Dual Enrollment

How do you feel the DE classes are working out for your daughter? Do you think they helped her with her college admissions process?

While dual enrollment classes may bring down GPA, I think that showing the initiative and desire to learn beyond what the school offers outweighs the slight drop in weighted GPA, which colleges may or may not recalculate.

Dual enrollment is properly signed up for at the highschool so there is no admissions process to go through. It doesn’t sound as though what you are suggesting would be helpful.
I have dual enrollment and it has inspired some of the strangest questions about my transcripts. Dual enrollment transfers as a letter grade. Unless the University has previously agreed to acknowledge the dual enrollment, there’s no saying that the dual enrollment will transfer to your 4 year University.
AP credit displays as a ‘P’ credit on a college transcript. It does not affect your GPA.

AS and AA degrees are terminal. Please do not go to a community college and expect to transfer to a 4 year university. I know some have done this “Rudy.” But I don’t know how. It’s the last thing I would want to put myself in the position of trying.

Another point of confusion - credit towards a degree. At a 4 year University a lot of remedial classes, such as algebra, do not count as credit towards a degree. This is totally different from AP credit which counts as credit towards a degree, but not as credit on your GPA.

The dual enrollment classes available are specified in the senior year course catalog from the highschool.

Described on Northwest Florida State College’s web site.
https://www.nwfsc.edu/academics/dual-enrollment/

Post # 22: “Do not go to a community college and expect to transfer to a 4 year university.”

Please be careful about offering advice on things you apparently don’t know much about.
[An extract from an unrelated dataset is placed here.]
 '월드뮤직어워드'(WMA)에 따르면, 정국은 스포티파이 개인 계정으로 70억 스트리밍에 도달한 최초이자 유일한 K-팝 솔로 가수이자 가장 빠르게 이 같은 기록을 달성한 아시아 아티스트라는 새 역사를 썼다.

MILLIONS of people who started at community colleges have transferred to 4-yr colleges & have wonderful careers in politics, education, business, medicine, law, the military, etc.

I forgot to make clear - the degree objective for dual enrollment is a highschool diploma and no other.
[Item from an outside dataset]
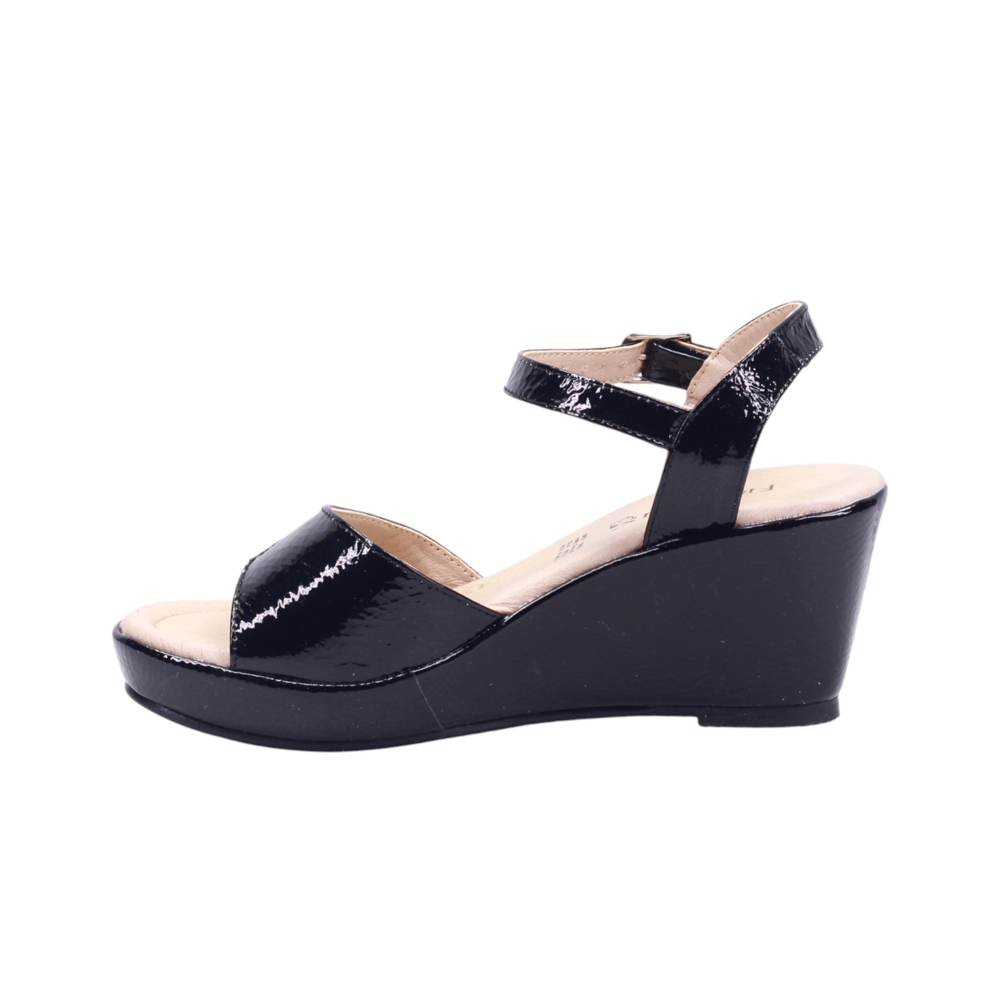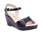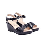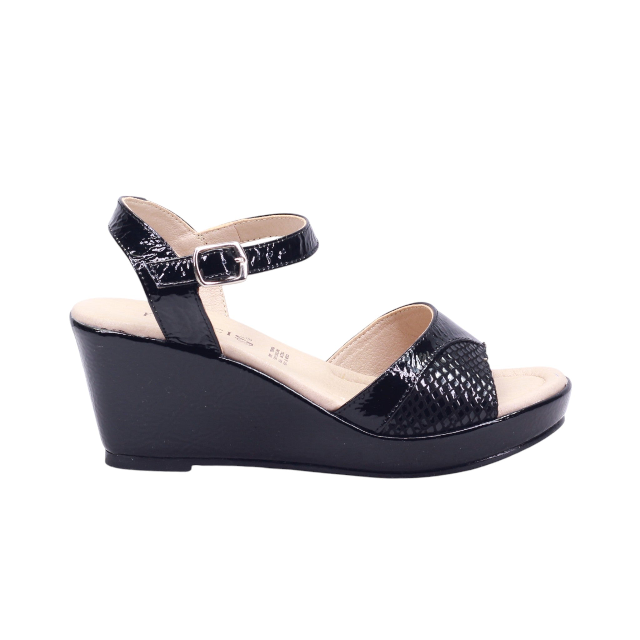 Sandalia para dama marca Francis en colores negro. Sandalia de corte y forro artificial, con plataforma de 7.0 cm, diseñada para brindar altura, estabilidad y estilo en cada paso. El exterior en tono negro presenta acabado brillante con textura en la tira frontal, que aporta contraste visual y un toque moderno. El diseño incluye puntera abierta, tira ancha sobre el empeine y ajuste al tobillo con hebilla metálica plateada, que asegura firmeza al caminar. La planta acolchada en tono beige mejora la comodidad, mientras que la cuña uniforme estiliza la silueta sin sacrificar confort. Ideal para looks casuales, salidas nocturnas o combinaciones urbanas con enfoque sofisticado.

Otherwise, I think people are confusing it with transfer credit.

That isn’t the right way to put it, dual enrollment is for the highschool diploma, the transfer credit from dual enrollment is for a bachelor’s degree.

Alright, now I see. Credit can be transferred once, so transferred dual enrollment can count for an associates degree or a bachelor’s degree. Both only if you go to the community college for which dual enrollment was offerred? Does that work? is that the sticking point? If you are “dual enrollment” status at a community college and switch to “degree seeking” does the credit automatically switch over for you, or is that a transfer? I don’t know.

The biggest problem with dual enrollment is that the instructors, who are employees of community colleges, will tell their highschool students to meet 3 times a week. Like a college class. This causes resentment amongst faculty and students in the highschool.